RecommendationFinder is used in several places to produce "Did you mean...?" suggestions when variables or keywords are not found. It performs fuzzy string matching over all candidates, which is O(n×m) per lookup.

Affected locations

  1. robot.variables.notfound.variable_not_found() — iterates over all variable candidates
  2. robot.running.namespace.KeywordRecommendationFinder — iterates over all keywords from all libraries and resources (also affects --dryrun, since KeywordRunner passes recommend_on_failure=True by default)

(A third location in parsing.lexer.settings operates on a small fixed set of setting names, so it is not a performance concern.)

Note that there is already a TODO comment in

# TODO: Consider changing the default value of `recommend_on_failure` to False.

For tools that use Robot Framework's variable resolution programmatically (e.g., IDE language servers, static analysis tools, like RobotCode ), variable_not_found() may be triggered thousands of times during analysis. In large projects with many variables, this becomes a critical bottleneck.
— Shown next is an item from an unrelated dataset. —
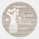 Flowers in Jar on Wood Bridal Shower Classic Round Sticker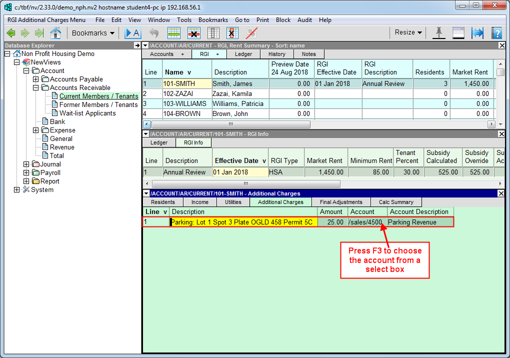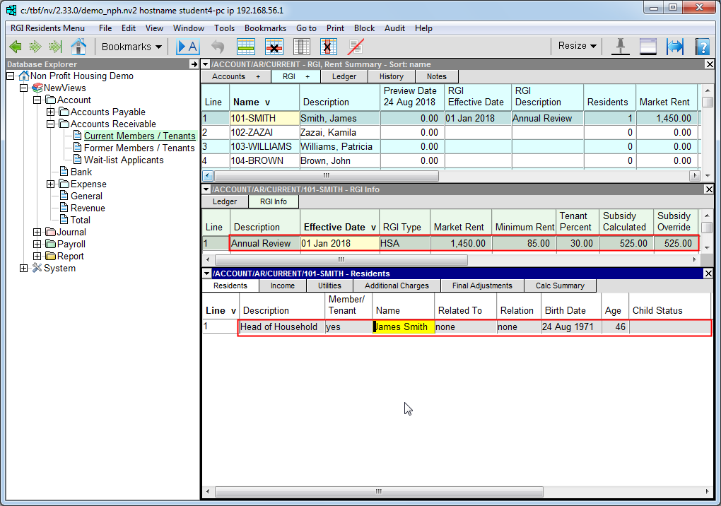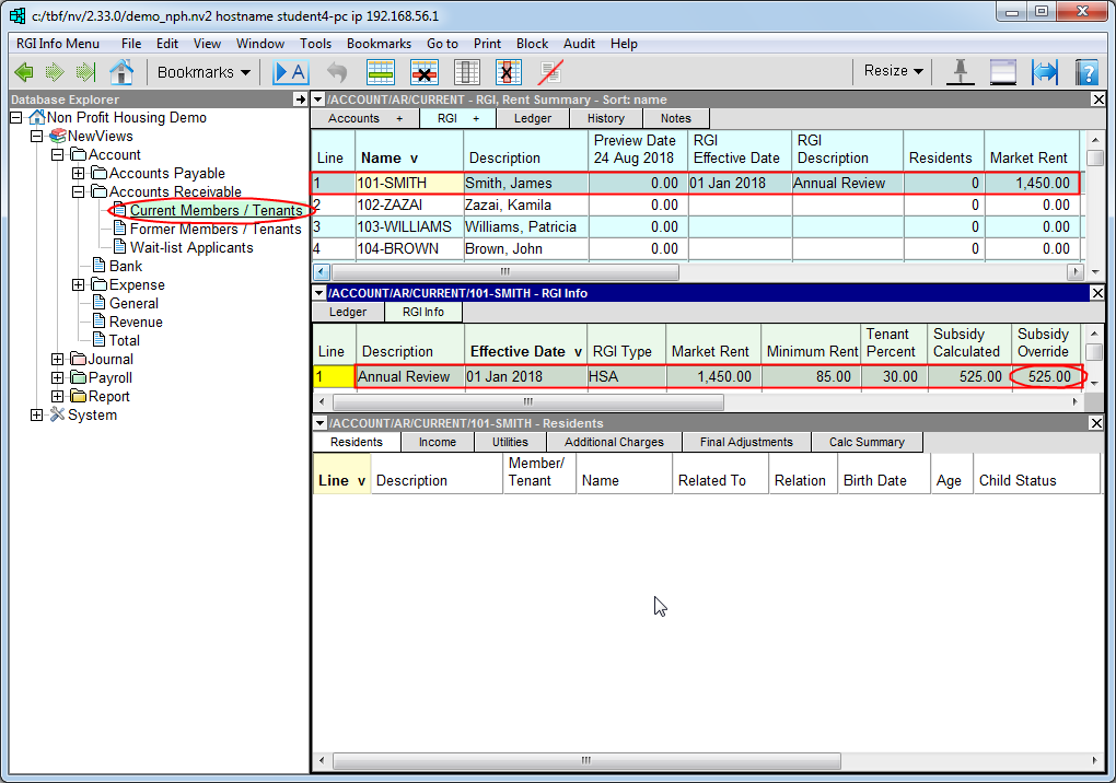 /ACCOUNT/AR/CURRENT - RGI, Rent Summary should be displayed in the title bar across the top of the window. If you are not on the Rent Summary view, click the RGI + tab below the title bar to select it.

Real-world impact: Analyzing 375 Robot Framework files took over 30 minutes, with the vast majority of time spent in RecommendationFinder. After monkey-patching variable_not_found to skip recommendations, the same analysis completes in under a minute. See: robotcodedev/robotcode#587

The KeywordRecommendationFinder in namespace.py has the same O(n×m) characteristic, though it primarily affects runtime execution and --dryrun rather than static analysis. RobotCode does not use RF's runtime namespace for keyword resolution, so this is not triggered in our case, but other tools or --dryrun with many missing keywords could be affected.

Current workaround

In RobotCode, we now monkey-patch variable_not_found across all modules that import it (robot.variables.notfound, finders, evaluation, store, robot.variables) to replace it with a version that simply raises VariableError without calling RecommendationFinder. This works, but it's fragile — it depends on internal module structure and could break with any refactoring of the robot.variables package.

Suggestion

A simple global flag like RECOMMENDATIONS_ENABLED (e.g., on RecommendationFinder or in robot.utils.recommendations) that can be set to False to skip all fuzzy matching would be sufficient and avoid the need for monkey-patching.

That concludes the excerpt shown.